Very good dialogues. But you already know that!

snooze time, baby!
 
Nice turn of phrase, Rhi. "the BRUSH against women artists."
 
So Trevor plays people as well as he plays the bass? Wonderful dialogue, too.
 
this was a lovely read...very nice flow from start to end, Thanks for sharing.
 
Ann, Trevor plays people BETTER than he plays bass. If he didn't, the poor guy might not have a single skill in this life 'cause playing bass sure ain't a skill he's picked up!
 
Fantastic dialogue! And kudos for using all those prompts in one piece. ;o) Well done!
 
Pure psychology in dialogue.
 
Trevor is always getting himself in trouble!!
He might want to go back and undo one of those stupid thing!
 
This flowed nicely. An enjoyable read.
 
Sneaky of you not to say where Trevor would go if he could time travel! I'm with Kerri, though. I would have serious misgivings about going back to the past. I would need some sort of instant-eject back to the present, to be used as needed.
 
Ah Trev, you shit disturber!
 
You know... it occurred to me, after reading other people's comments, that I'm never compelled to speak about your writing ability, because it doesn't FEEL like a product of your imagination, but a real-life event. Like I'm simply reading a transcription of some actual moment in the life of Trevor and the band.
Weird eh?
 
I'm with Kerri! The past is no place for a woman, except perhaps to the time of the vikings where women were more equal and were land holders and taught to fight! (Can't you just tell I have Norse blood in me!). No, I would much rather go to the future where (hopefully) things are further improved for women. But then, you know my views on this! :) Of those that commented on my post, almost uniformly, the women agreed with me while the men thought that the issue wasn't so bad or didn't exist anymore. Yeah, right. I say just look at any magazine shelf and I'm not just talking about the reems of top shelf publications. Mens and magazines maintain the status quo on the whole.

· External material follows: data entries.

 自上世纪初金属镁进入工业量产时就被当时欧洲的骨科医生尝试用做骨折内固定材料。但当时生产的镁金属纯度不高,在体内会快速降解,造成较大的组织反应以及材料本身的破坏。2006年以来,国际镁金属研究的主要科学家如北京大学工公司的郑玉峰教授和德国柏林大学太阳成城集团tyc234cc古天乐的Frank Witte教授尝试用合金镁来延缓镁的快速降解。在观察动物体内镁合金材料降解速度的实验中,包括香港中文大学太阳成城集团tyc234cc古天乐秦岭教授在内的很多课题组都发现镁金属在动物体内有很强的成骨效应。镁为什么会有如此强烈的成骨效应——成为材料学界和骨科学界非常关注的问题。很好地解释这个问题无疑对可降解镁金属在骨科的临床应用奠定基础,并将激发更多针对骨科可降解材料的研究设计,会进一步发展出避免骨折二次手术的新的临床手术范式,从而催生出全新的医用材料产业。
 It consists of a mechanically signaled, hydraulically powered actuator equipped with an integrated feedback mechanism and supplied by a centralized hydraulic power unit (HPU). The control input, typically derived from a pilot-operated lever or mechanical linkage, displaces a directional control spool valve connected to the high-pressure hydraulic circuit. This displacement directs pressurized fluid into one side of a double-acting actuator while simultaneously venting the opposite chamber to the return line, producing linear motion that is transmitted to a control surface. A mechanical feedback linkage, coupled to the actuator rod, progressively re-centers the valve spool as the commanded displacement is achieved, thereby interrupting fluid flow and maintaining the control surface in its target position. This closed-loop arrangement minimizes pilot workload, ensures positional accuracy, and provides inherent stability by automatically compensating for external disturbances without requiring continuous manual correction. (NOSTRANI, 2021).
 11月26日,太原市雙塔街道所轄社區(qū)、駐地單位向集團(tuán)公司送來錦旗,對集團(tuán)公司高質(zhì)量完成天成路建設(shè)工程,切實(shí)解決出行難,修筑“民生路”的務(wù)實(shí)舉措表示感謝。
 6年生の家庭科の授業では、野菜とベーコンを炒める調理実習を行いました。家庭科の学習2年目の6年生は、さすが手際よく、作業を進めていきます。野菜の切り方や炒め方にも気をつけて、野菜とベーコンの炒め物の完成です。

Nicely done by Trevor, he's a wily one!
 
Hi.
 
Wow, Wylie, thanks. That is VERY high praise!
 
I was just talking about Time Travelling, all the places to go if I could time travel.
 
Little by little I'm becoming familiar with your little cast of characters and being sucked into this world with you. They all seem so realistic! I wish I could write like this!
Hugs and blessings,
 
This was wonderful.. I love the play of characters... but, sometimes, I wouldn't mind going back in time to see what I could change.
 
Wow! this was great fun...the ending of the movie, the realistic language, the tensions, the concepts (go back and meet Jesus! Whew!) reminding people what a hell hole being a woman trying to express herself was! Though maybe being a female pharoah maade not have been too bad!;) What a great response to the prompt!
 
A very witty post and exceptional piece of writing. I too would liked to have known where Trevor would have gone.
 
i am forever grateful we didn't have to do the jesus rant thing.... great chapter
 
I'm sorry I'm a little late on this one - time travel is fascinating... but what movie was it that they watched?

Oh, I wanted to let you know I posted the "stories" from last weeks Mad Libs style TT - come by and vote if you have time!! :-)
 
What a great story! I'm adding you to my blog roll. I just realized (I'm slow, I know) that you are one of the 'burgh moms? How great!

Wonderful dialogue. So real!
 
I get the feeling I came into this one in the middle of things.

I love the part about this being the best time to be a woman. It really is.